In 1992, she returned to the classroom full time, the same year Nathan Deal, who by then had served eight years in the Legislature, was elected to Congress.
Family first
As Deal’s legal and political career took off, Sandra balanced her career with the demands of rearing four children and managing a farm.
"I did what I had to," said Sandra Deal. "I drove hay trucks. I fed pigs with children on my back in a backpack.
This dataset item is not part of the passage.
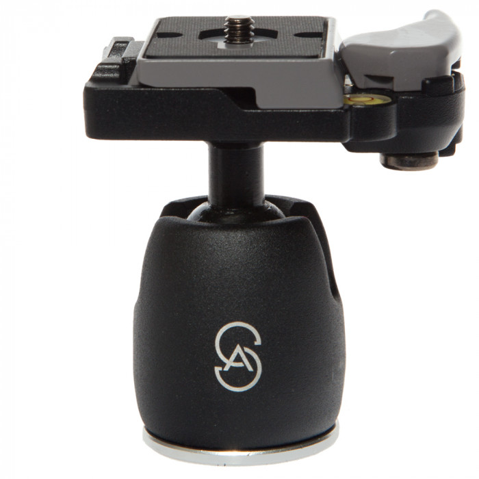 Mini Ball Head with 3/8" Tripod Mount and Quick Release Camera Plate. Ball head is only 3.25" tall and 3" wide.

I once cut wire from a horse's foot and pulled the birth sack off a colt's face so it wouldn't suffocate."
Her husband came home on weekends.
Longtime friends, Pat Oliver and Susan Jessup, said they have long admired Sandra for eschewing Washington and its high society ways.
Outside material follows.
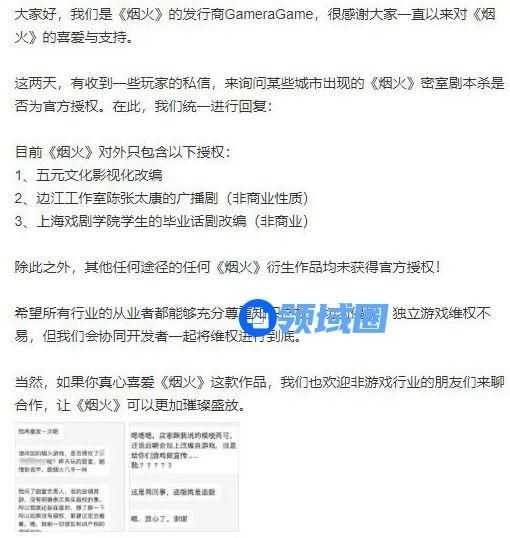 这种情况甚至波及到了其他领域。例如,此前国产独立游戏《烟火》的发行商GameraGame发文称,某些城市出现了《烟火》密室剧本杀,且剧情与游戏几乎一致,但这些相关衍生品均未获得官方授权。

“She made the sacrifice for her children,” said Jessup, who met Deal nearly 40 years ago when they both volunteered for a First Baptist Church missionary group. “I never heard her complain. ”
For her part, Deal said she was just putting into the practice what her own parents did for her.
The Dunagans, she said, reared her and her siblings mindful of a biblical proverb: "Train up a child in the way he should go, and when he is old he will not depart from it."
“When I grew up, there was an honor code," she said. "You tried to do the right thing all the time because if no one else knew what you were doing, God knew, and that's what I tried to teach my own children."
By the time all four children had entered college in 1998, the couple's parents had become unable to care for themselves. The Deals moved them into their home. After her mother's death in 2002, Sandra retired to care for her father and mother-in-law.
"It really bothered me that Daddy at 90 was chasing cows out of the road," she recalled. "We sold the farm and moved everybody to a smaller piece of property in Hall County."
Taking on causes
After the death of her father and mother-in-law in 2006, Sandra could finally focus on herself and Nathancould finally heed the call to run for governor.
"I had no reservations," Deal said of her husband's decision. "I believed it was the right thing for Georgia, and he was the right person at the right time."
Just days before the inauguration, Deal said she'd been too busy packing to give much thought to the future.
"I’m not the big dreamer that a lot of people are," she said. "I’m a worker, so I do look forward to opportunity to promote some of the causes I think are important to the people of the state."
Those, Deal said, include the care of the elderly, child care and early childhood education and veterans returning to stateside.
"I haven’t been able to zero in on one, but if I can be a voice for several, that will be good," she said.